トヨタ自動車は、2015年10月8日に東京都内で開催した安全技術説明会において、豊田中央研究所と共同開発している次世代レーザースキャナーを披露した。容積を従来比で3分の1まで小型化しており、自動運転車への適用を検討している。
この次世代レーザースキャナーは、赤外線を用いるレーザーレーダーの1種で「SPAD LIDAR(Single Photon Avalanche Diode Light Detection And Ranging)」と呼ばれている。
現行の運転支援システムに用いられている一般的なレーザーレーダーは、赤外線を送るレーザーダイオード(LD)と物体に反射して戻ってくる赤外線を受光するフォトダイオード(PD)を同軸上に設置している。このため、赤外線を送る方向の障害物の有無しか検知できず、車両や自転車、歩行者の違いを認識することは難しい。
これに対してSPAD LIDARは、障害物の位置・形状を高精度に検出できるレーザーレーダーである。1個のセンサーユニットで、赤外線を使った距離画像(センサーから障害物までの距離情報を含む画像)を202×96画素で取得できる。また、可視光を使用する車載カメラとは違い、赤外線を用いているので昼夜問わず同じ精度で検知できることも特徴になっている。なお、センサーとしての検知距離は約60m、水平方向の検知範囲は約55度だという。
SPAD LIDARは、2014年9月開催の「第21回ITS世界会議デトロイト2014」で初公開されている。今回披露したものは、容積が3分の1になるなど大幅な小型化を果たしており、より車載を意識したユニット化が図られた。外形寸法は、幅67×奥行き177×高さ73mmである。
高性能とコスト削減が特徴も課題が残る
SPAD LIDARの最大の特徴は、LDとPDの組み合わせが1組でも、垂直方向に広い範囲の検知を行えることだ。通常のレーザーレーダーの場合、LDとPDの組み合わせが1組だと、垂直方向の分解能は1画素分にしかならない。SPAD LIDARの場合、LDとPDの組み合わせが1組でも垂直方向の検知を16画素分の分解能で行うことができる。さらに、6面ポリゴンミラーを使って垂直方向の検知範囲を6倍に拡大することで、96画素分の分解能を実現している。
「SPAD LIDAR」による検知結果。写真の右側に設置したSPAD LIDARによる検知結果を、写真の左側のディスプレイに表示している。以下の動画では、赤丸で示したカメラを持つ記者の動きが捉えられているのが分かる(クリックで拡大)

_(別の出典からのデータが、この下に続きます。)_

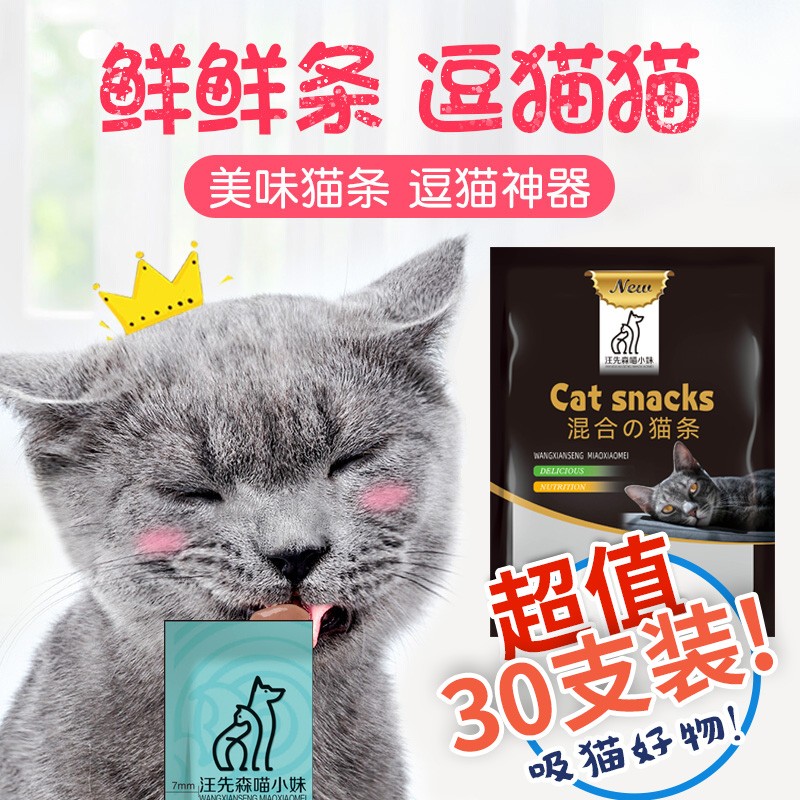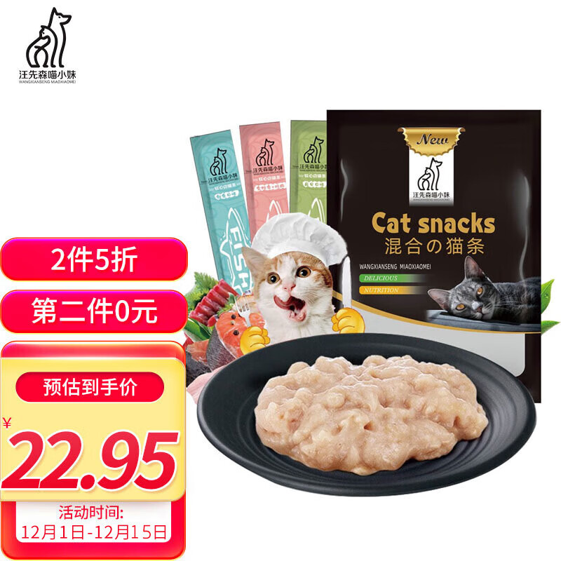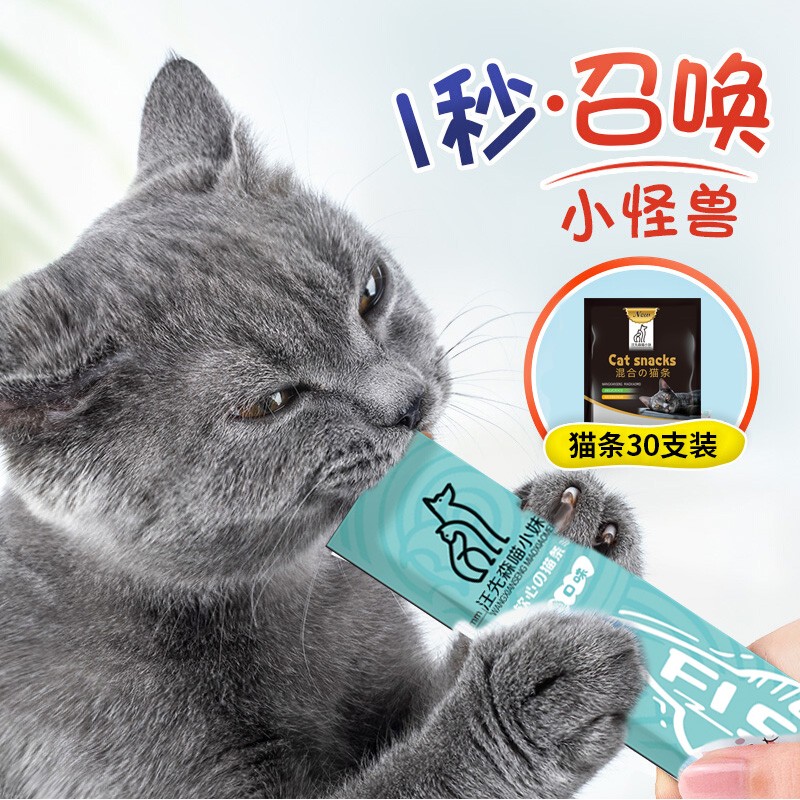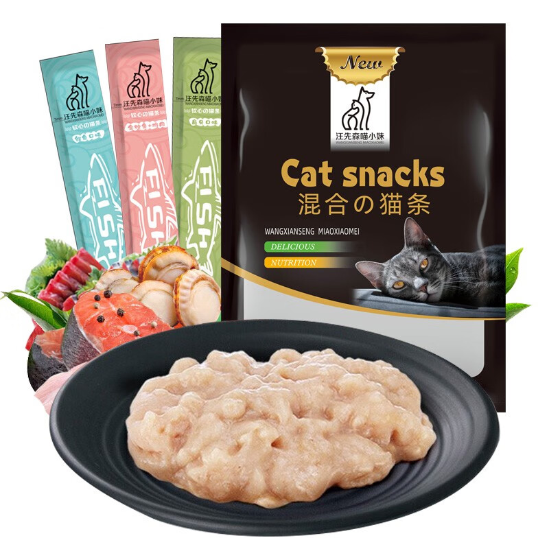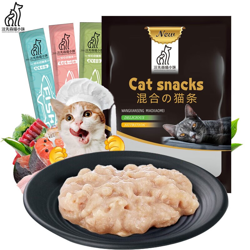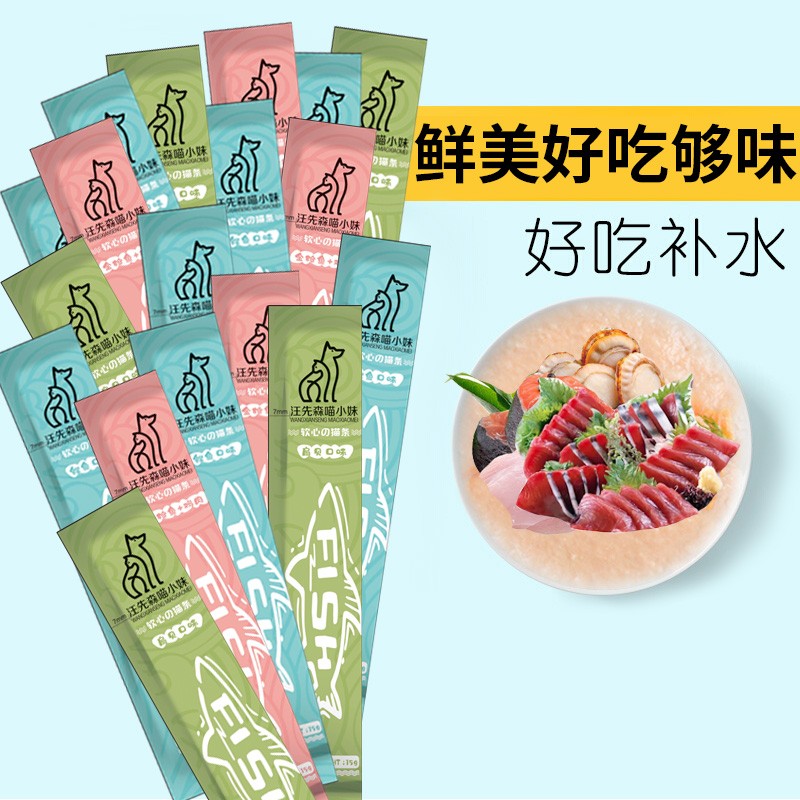 汪先森喵小妹 混合口味猫条宠物猫咪零食罐头成猫幼猫湿粮肉泥深海鱼营养补水发腮餐包软包450g(15g*30条)

SPAD LIDARのメリットになるのが、LDとPDの組み合わせが1組だけで済むことによるコスト低減だ。さらに、素子製造に安価なCMOSプロセスを適用できることもコスト低減につながる。「ただし、現在の開発品は、6面ポリゴンミラーというメカニカルスキャン方式を用いているので、コスト削減の効果に限界が出てくる。今後は、この課題を克服する必要が出てくるだろう」(トヨタ自動車の説明員)という。